[Selected by Shandong Province] Recursive Sequence (Version 2)

Time limit: 1 Sec Memory limit: 128 MB

Title description

A sequence of natural numbers is defined as follows:

Opposite i <= k: Ai = Bi

Opposite i> k: Ai = C1Ai-1 + C2Ai-2 + …… CkAi-k

Among them, Bj and Cj (1<=j<=k) are given natural numbers.

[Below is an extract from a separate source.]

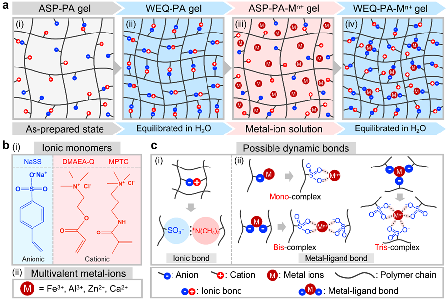 虽然存在于生物体系中,但是开发由离子键和金属配位键协同增强的聚两性电解质(Polyampholyte, PA)水凝胶网络仍具有挑战性。尽管金属配位键交联增强普通聚电解质水凝胶是目前通常采用的手段之一(如Fe3+交联的聚丙烯酸水凝胶),但PA水凝胶在金属盐溶液中表现出显著的“反聚电解质效应”,导致随着金属离子浓度升高水凝胶样品表现出显著的体积溶胀和力学弱化行为。

Write a program, given a natural number m<=n, calculate Am+Am+1+……An, and output the value of the remainder of dividing it by the given natural number p.

enter

The first line is the natural number k

The second line includes k natural numbers b1, b2, ... bk.

The third line contains k natural numbers c1, c2,...ck.

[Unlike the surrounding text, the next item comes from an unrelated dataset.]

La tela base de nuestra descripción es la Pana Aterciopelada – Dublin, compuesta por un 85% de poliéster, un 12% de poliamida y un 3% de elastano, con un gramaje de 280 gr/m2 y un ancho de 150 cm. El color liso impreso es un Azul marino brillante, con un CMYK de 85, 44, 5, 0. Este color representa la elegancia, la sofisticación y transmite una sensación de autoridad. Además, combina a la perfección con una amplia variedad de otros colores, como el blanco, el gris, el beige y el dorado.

The fourth line contains three natural numbers m, n, p.

Output

A positive integer, representing the value of (Am+Am+1+……An)%p

Sample input

Sample output

prompt

For 100% test data: 1<=k<=15;1<=m<=n<=10^18

For 20% of the test data: 1<=k<=15;1<=m<=n<=10^6

For 30% of the test data: k=1; 1<=m<=n<=10^18

For all test data: 0<=b1,b2,……,bk,c1,c2,……,ck<=10^9;1<=p<=10^8.

answer

From the question, we can know $A_{n}=\sum_ {i=1}^{k} C_{i}*A_{n-i}(n>k)$ that if the sum of A(m~n) is required, we can find s(n)-s(m-1) (prefix sum), so the key recurrence formula is obtained:

$S_{n}=S_{n-1}+\sum_ {i=1}^{k} C_{i}*A_{n-i}(n>k)$

So we might as well set the initial matrix as [A1 A2 …… Ak Sk],

$A_{2}=0*A_{1}+1*A_{2}$

$A_{3}=0*A_{1}+0*A_{2}+1*A_{3}$

……

$A_{k}=0+1*A_{k}$

$A_{k+1}=C_{k}*A_{1}+C_{k-1}*A_{2}+...+C_{1}*A_{k}$

$S_{k+1}=S_{k}+C_{k}*A_{1}+C_{k-1}*A_{2}+...+C_{1}*A_{k}$

So the initial matrix is multiplied by the acceleration matrix of (k+1)*(k+1):

$\begin{bmatrix} A_{1} &A_{2} &... &A_{k} &S_{k} \end{bmatrix} * \begin{bmatrix} 0 &0 &... &C_{k} &C_{k} \\ 1 &0 &... &C_{k-1} &C_{k-1} \\ ... &... &... &...&... \\ 0 &0 &... &C_{1} &C_{1} \\ 0 &0 &... &0 & 1 \end{bmatrix} = \begin{bmatrix} A_{2} &A_{3} &... &A_{k+1} &S_{k+1} \end{bmatrix}$

Because Ai=Bi(i≤k), it can become

$\begin{bmatrix} B_{1} &B_{2} &... &B_{k} &S_{k} \end{bmatrix} * \begin{bmatrix} 0 &0 &... &C_{k} &C_{k} \\ 1 &0 &... &C_{k-1} &C_{k-1} \\ ... &... &... &...&... \\ 0 &0 &... &C_{1} &C_{1} \\ 0 &0 &... &0 & 1 \end{bmatrix} = \begin{bmatrix} A_{2} &A_{3} &... &A_{k+1} &S_{k+1} \end{bmatrix}$

and so $\begin{bmatrix} B_{1} &B_{2} &... &B_{k} &S_{k} \end{bmatrix} * \begin{bmatrix} 0 &0 &... &C_{k} &C_{k} \\ 1 &0 &... &C_{k-1} &C_{k-1} \\ ... &... &... &...&... \\ 0 &0 &... &C_{1} &C_{1} \\ 0 &0 &... &0 & 1 \end{bmatrix}^{n-k} = \begin{bmatrix} A_{n-k+1} &A_{n-k+2} &... &A_{n} &S_{n} \end{bmatrix}$

Use the fast power of two matrices to find Sn and Sm-1 respectively, subtract the two numbers, add p and then %p.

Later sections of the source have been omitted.